#### [TASK DETAILS]
The full listing, copied exactly and free of pictures, is the expected reply.
------ MATERIAL PROVIDED
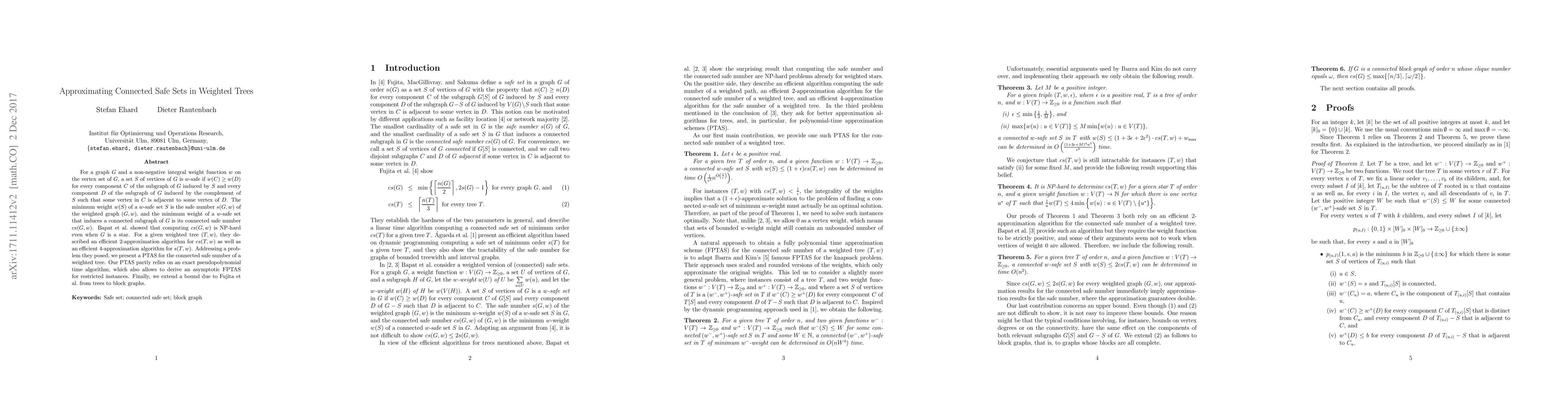 For a graph $G$ and a non-negative integral weight function $w$ on the vertex set of $G$, a set $S$ of vertices of $G$ is $w$-safe if $w(C)\geq w(D)$ for every component $C$ of the subgraph of $G$ induced by $S$ and every component $D$ of the subgraph of $G$ induced by the complement of $S$ such that some vertex in $C$ is adjacent to some vertex of $D$. The minimum weight $w(S)$ of a $w$-safe set $S$ is the safe number $s(G,w)$ of the weighted graph $(G,w)$, and the minimum weight of a $w$-safe set that induces a connected subgraph of $G$ is its connected safe number $cs(G,w)$. Bapat et al. showed that computing $cs(G,w)$ is NP-hard even when $G$ is a star. For a given weighted tree $(T,w)$, they described an efficient $2$-approximation algorithm for $cs(T,w)$ as well as an efficient $4$-approximation algorithm for $s(T,w)$. Addressing a problem they posed, we present a PTAS for the connected safe number of a weighted tree. Our PTAS partly relies on an exact pseudopolynomial time algorithm, which also allows to derive an asymptotic FPTAS for restricted instances. Finally, we extend a bound due to Fujita et al. from trees to block graphs.
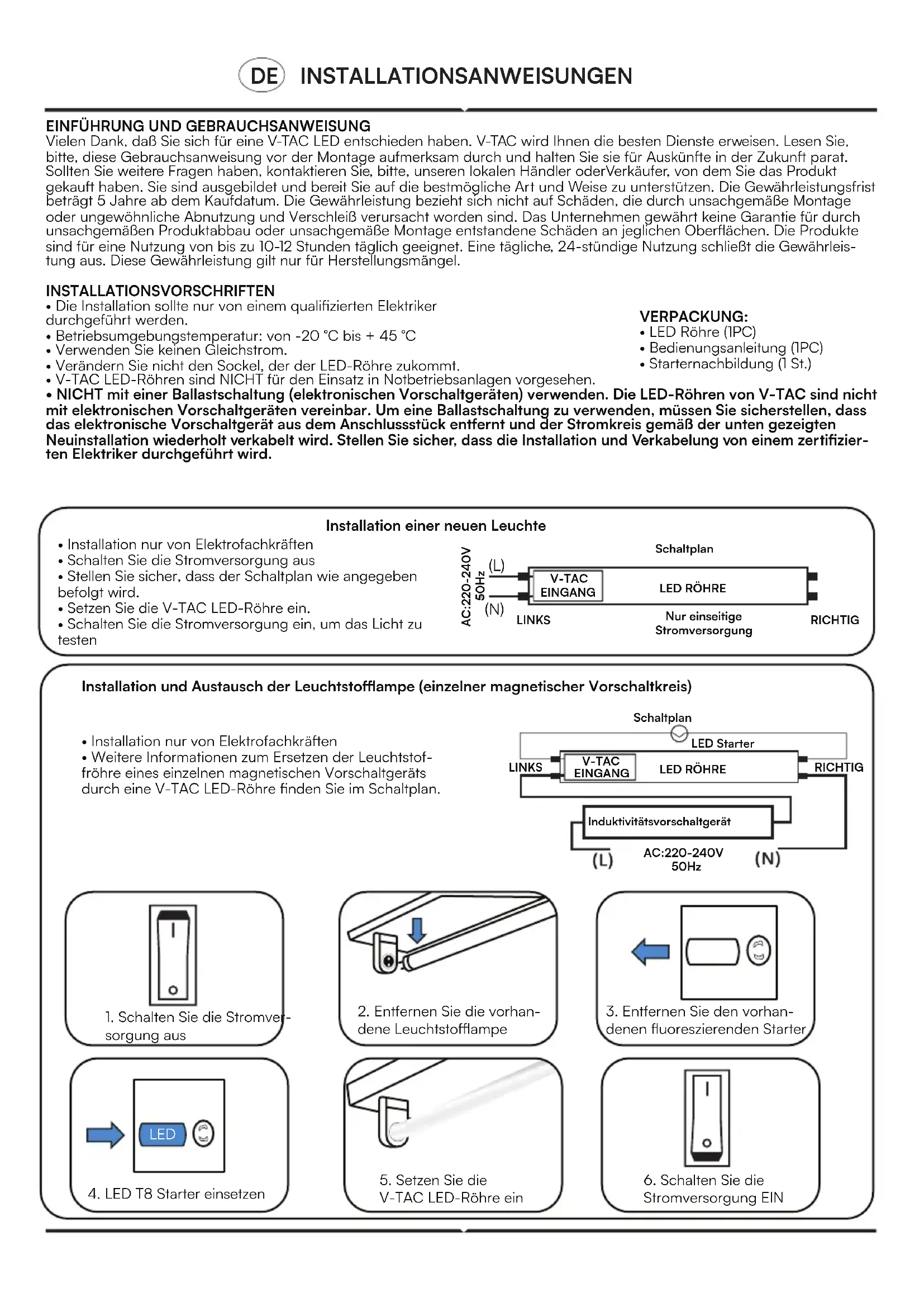 - Do NOT use with electronic ballasts. V-TAC LED tubes are not compatible with electronic ballast circuit. In order to use the electronic ballast fitting you must ensure to remove the electronic ballast from the fitting and rewire the circuit as per new fitting installation as shown below. Ensure the installation and wiring is carried out by certified electrician. This marking indicates that this product should not be disposed of with other household wastes. Caution, risk of electric shock.EINFÜHRUNG UND GEBRAUCHSANWEISUNG Vielen Dank, daß Sie sich für eine V-TAC LED entschieden haben. V-TAC wird Ihnen die besten Dienste erweisen. Lesen Sie, bitte, diese Gebrauchsanweisung vor der Montage aufmerksam durch und halten Sie sie für Ausküne in der Zukun parat. Sollten Sie weitere Fragen haben, kontaktieren Sie, bitte, unseren lokalen Händler oderVerkäufer, von dem Sie das Produkt gekau haben. Sie sind ausgebildet und bereit Sie auf die bestmögliche Art und Weise zu unterstützen. Die Gewährleistungsfrist beträgt 5 Jahre ab dem Kaufdatum. Die Gewährleistung bezieht sich nicht auf Schäden, die durch unsachgemäße Montage oder ungewöhnliche Abnutzung und Verschleiß verursacht worden sind. Das Unternehmen gewährt keine Garantie für durch unsachgemäßen Produktabbau oder unsachgemäße Montage entstandene Schäden an jeglichen Oberflächen. Die Produkte sind für eine Nutzung von bis zu 10-12 Stunden täglich geeignet. Eine tägliche, 24-stündige Nutzung schließt die Gewährleis- tung aus. Diese Gewährleistung gilt nur für Herstellungsmängel. INSTALLATIONSVORSCHRIFTEN
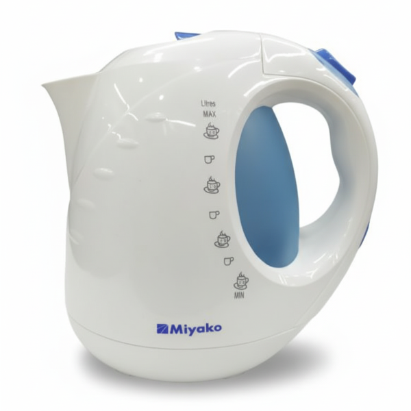 This Miyako Electric Kettle features a modern body with a sleek finish and ergonomic handle for comfortable grip. The 360° cordless base adds convenience, while the LED indicator enhances its stylish appearance.
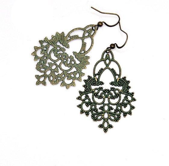 Kolczyki wykonane z mosiądzu antycznego, pokryte zieloną patyną. Misterne, filigranowe. Boho.
------------
#### [EXPECTED OUTPUT]
 For a graph $G$ and a non-negative integral weight function $w$ on the vertex set of $G$, a set $S$ of vertices of $G$ is $w$-safe if $w(C)\geq w(D)$ for every component $C$ of the subgraph of $G$ induced by $S$ and every component $D$ of the subgraph of $G$ induced by the complement of $S$ such that some vertex in $C$ is adjacent to some vertex of $D$. The minimum weight $w(S)$ of a $w$-safe set $S$ is the safe number $s(G,w)$ of the weighted graph $(G,w)$, and the minimum weight of a $w$-safe set that induces a connected subgraph of $G$ is its connected safe number $cs(G,w)$. Bapat et al. showed that computing $cs(G,w)$ is NP-hard even when $G$ is a star. For a given weighted tree $(T,w)$, they described an efficient $2$-approximation algorithm for $cs(T,w)$ as well as an efficient $4$-approximation algorithm for $s(T,w)$. Addressing a problem they posed, we present a PTAS for the connected safe number of a weighted tree. Our PTAS partly relies on an exact pseudopolynomial time algorithm, which also allows to derive an asymptotic FPTAS for restricted instances. Finally, we extend a bound due to Fujita et al. from trees to block graphs.
 - Do NOT use with electronic ballasts. V-TAC LED tubes are not compatible with electronic ballast circuit. In order to use the electronic ballast fitting you must ensure to remove the electronic ballast from the fitting and rewire the circuit as per new fitting installation as shown below. Ensure the installation and wiring is carried out by certified electrician. This marking indicates that this product should not be disposed of with other household wastes. Caution, risk of electric shock.EINFÜHRUNG UND GEBRAUCHSANWEISUNG Vielen Dank, daß Sie sich für eine V-TAC LED entschieden haben. V-TAC wird Ihnen die besten Dienste erweisen. Lesen Sie, bitte, diese Gebrauchsanweisung vor der Montage aufmerksam durch und halten Sie sie für Ausküne in der Zukun parat. Sollten Sie weitere Fragen haben, kontaktieren Sie, bitte, unseren lokalen Händler oderVerkäufer, von dem Sie das Produkt gekau haben. Sie sind ausgebildet und bereit Sie auf die bestmögliche Art und Weise zu unterstützen. Die Gewährleistungsfrist beträgt 5 Jahre ab dem Kaufdatum. Die Gewährleistung bezieht sich nicht auf Schäden, die durch unsachgemäße Montage oder ungewöhnliche Abnutzung und Verschleiß verursacht worden sind. Das Unternehmen gewährt keine Garantie für durch unsachgemäßen Produktabbau oder unsachgemäße Montage entstandene Schäden an jeglichen Oberflächen. Die Produkte sind für eine Nutzung von bis zu 10-12 Stunden täglich geeignet. Eine tägliche, 24-stündige Nutzung schließt die Gewährleis- tung aus. Diese Gewährleistung gilt nur für Herstellungsmängel. INSTALLATIONSVORSCHRIFTEN
 This Miyako Electric Kettle features a modern body with a sleek finish and ergonomic handle for comfortable grip. The 360° cordless base adds convenience, while the LED indicator enhances its stylish appearance.
 Kolczyki wykonane z mosiądzu antycznego, pokryte zieloną patyną. Misterne, filigranowe. Boho.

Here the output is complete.